De kinderrechter heeft vastgesteld dat [minderjarige] sinds september 2021 in Nederland verblijft, maar geen netwerk heeft en afhankelijk is van zijn ouders voor toestemming over zijn verblijf. De vader, die in Nederland woont, is niet bereid om [minderjarige] op te vangen en wil dat hij terugkeert naar Tunesië. De moeder woont in Tunesië en heeft toestemming gegeven voor de reis van [minderjarige] naar Nederland. De kinderrechter heeft de voorlopige ondertoezichtstelling van [minderjarige] eerder verlengd en oordeelt dat het noodzakelijk is om deze maatregelen voort te zetten tot [minderjarige] zijn meerderjarigheid bereikt.
De kinderrechter heeft de gronden voor ondertoezichtstelling en machtiging tot uithuisplaatsing aanwezig geacht, gezien de omstandigheden waarin [minderjarige] zich bevindt.
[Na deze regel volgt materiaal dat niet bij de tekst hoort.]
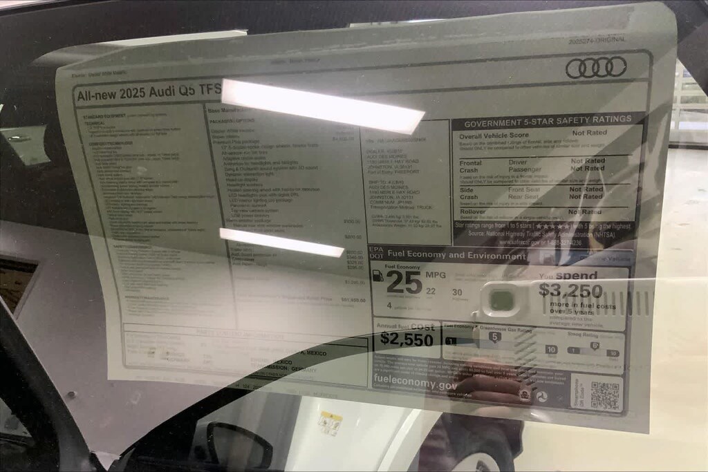 Q5 2.0T Premium Plus is nicely equipped with Brown Leather, 10 Speakers, 4-Wheel Disc Brakes, ABS brakes, Air Conditioning, Alloy wheels, AM/FM radio: SiriusXM w/360L, Auto High-beam Headlights, Auto tilt-away steering wheel, Auto-dimming door mirrors, Auto-dimming Rear-View mirror, Automatic temperature control, Brake assist, Bumpers: body-color, Compass, Delay-off headlights, Driver door bin, Driver vanity mirror, Dual front impact airbags, Dual front side impact airbags, Electronic Stability Control, Emergency communication system: Audi connect CARE, Exterior Parking Camera Rear, Four wheel independent suspension, Front anti-roll bar, Front Bucket Seats, Front Center Armrest, Front dual zone A/C, Front fog lights, Front reading lights, Garage door transmitter: HomeLink, Genuine wood console insert, Genuine wood dashboard insert, Genuine wood door panel insert, Heated door mirrors, Heated Front Bucket Seats, Heated front seats, Illuminated entry, Leather Seating Surfaces, Leather steering wheel, Low tire pressure warning, Memory seat, Navigation system: Audi Navigation Plus, Occupant sensing airbag, Outside temperature display, Overhead airbag, Overhead console, Panic alarm, Passenger door bin, Passenger vanity mirror, Power door mirrors, Power driver seat, Power Liftgate, Power passenger seat, Power steering, Power windows, Radio data system, Radio: MMI Navigation Plus, Rain sensing wipers, Rear air conditioning, Rear anti-roll bar, Rear fog lights, Rear reading lights, Rear seat center armrest, Rear window defroster, Rear window wiper, Remote keyless entry, Roof rack, Security system, Speed control, Speed-sensing steering, Speed-Sensitive Wipers, Split folding rear seat, Spoiler, Steering wheel mounted audio controls, Tachometer, Telescoping steering wheel, Tilt steering wheel, Traction control, Trip computer, Turn signal indicator mirrors, Variably intermittent wipers, and Wheels: 18 5-Arm-Twist Design.
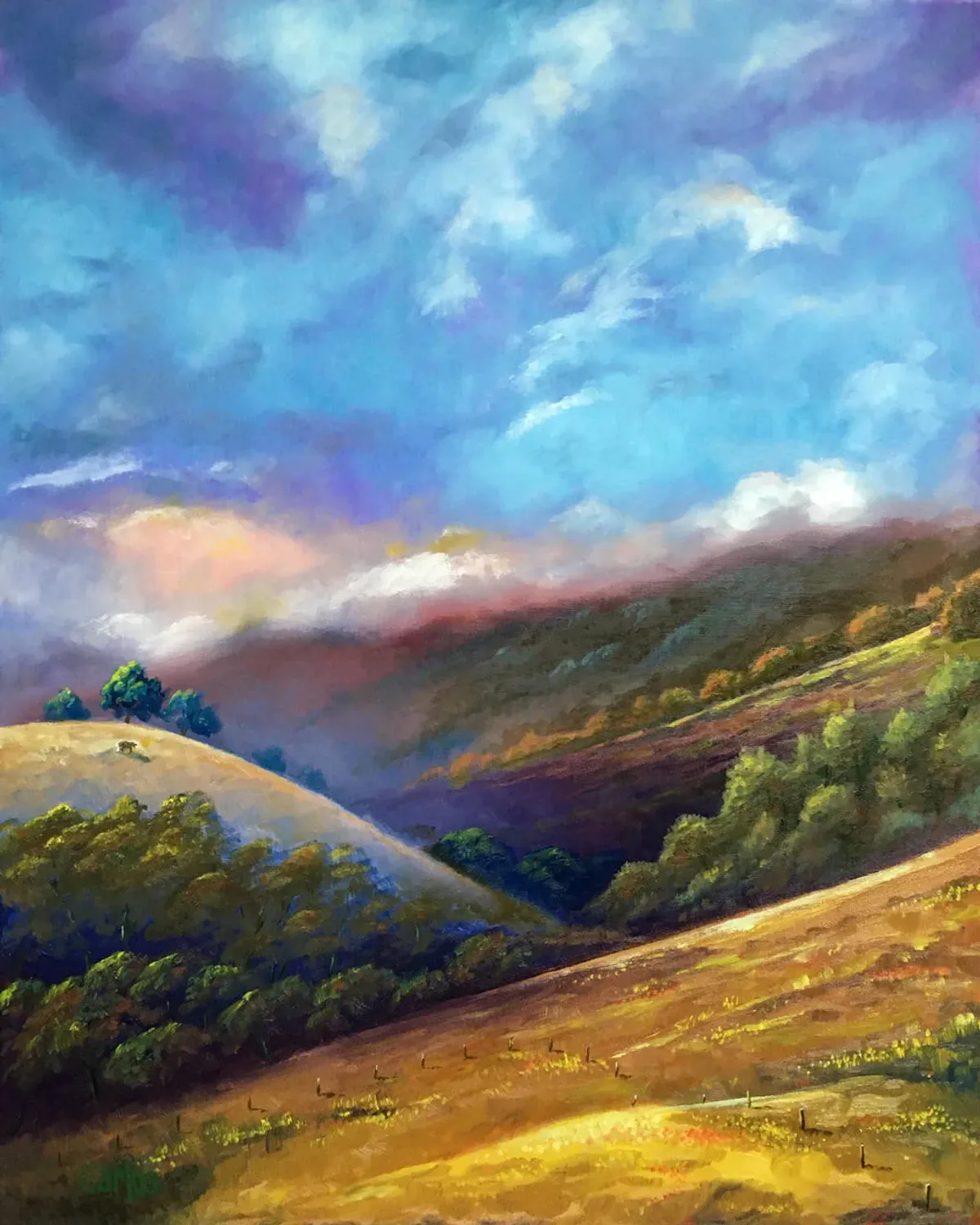 landscapehillsskycloudsnaturepaintingvibrantImpressionismLight / SereneInspirational / UpliftingLandscape / Nature
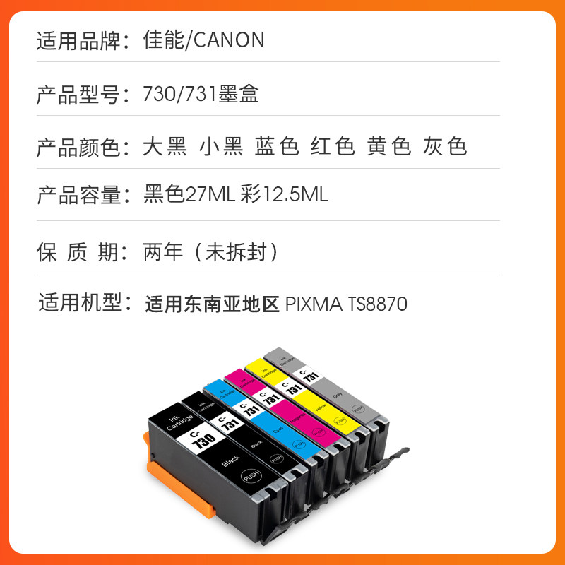 为您提供商品731 PGI730墨盒CLI731墨盒 TS8870打印机730 适用Canon佳能PIXMA的详细介绍,

De kinderrechter heeft besloten om [minderjarige] onder toezicht te stellen van Jeugdbescherming Brabant en heeft hen gemachtigd om hem gedurende dag en nacht uit huis te plaatsen in een accommodatie van een jeugdhulpaanbieder. Deze beslissing is mondeling gegeven en in het openbaar uitgesproken, met de mogelijkheid voor hoger beroep binnen drie maanden na de uitspraak.